2. Swirl the swab in a tube of sterile water (10 ml) to dilute the bacteria. Cover the tube and agitate it.
3. Repeat steps 4–9, in the Preparing Plates for Disk Diffusion Test section.

Bacterial Safety

Bacteria are all around us in our daily lives and the vast majority of them are not harmful. However, for maximum safety, all bacterial cultures should always be treated as potential hazards. This means that proper handling, cleanup, and disposal are necessary. Below are a few important safety reminders.

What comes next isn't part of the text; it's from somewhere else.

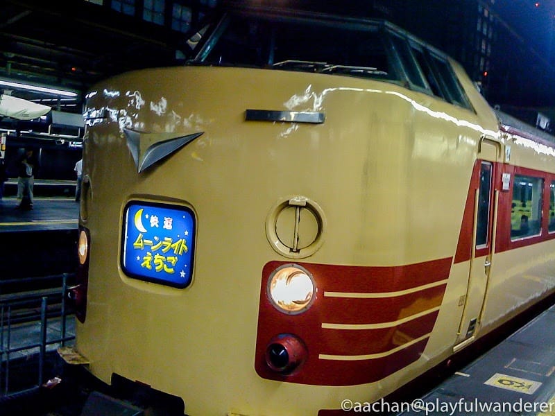 23:10 新宿発 ムーンライト越後 (日付の変更ポイント高崎まで先に切符購入)

• Keep your nose and mouth away from tubes, pipettes, or other tools that come in contact with bacterial cultures, in order to avoid ingesting or inhaling any bacteria.
• Make sure to wash your hands thoroughly after handling bacteria.
• Proper Disposal of Bacterial Cultures
  • Bacterial cultures, plates, and disposables that are used to manipulate the bacteria should be soaked in a 10% bleach solution (1 part bleach to 9 parts water) for 1–2 hours.
  • Use caution when handling the bleach, as it can ruin your clothes if spilled, and any disinfectant can be harmful if splashed in your eyes.
  • After bleach treatment is completed, these items can be placed in your normal household garbage.
• Cleaning Your Work Area
  • At the end of your experiment, use a disinfectant, such as 70% ethanol, a 10% bleach solution, or a commercial antibacterial kitchen/bath cleaning solution, to thoroughly clean any surfaces you have used.
  • Be aware of the possible hazards of disinfectants and use them carefully.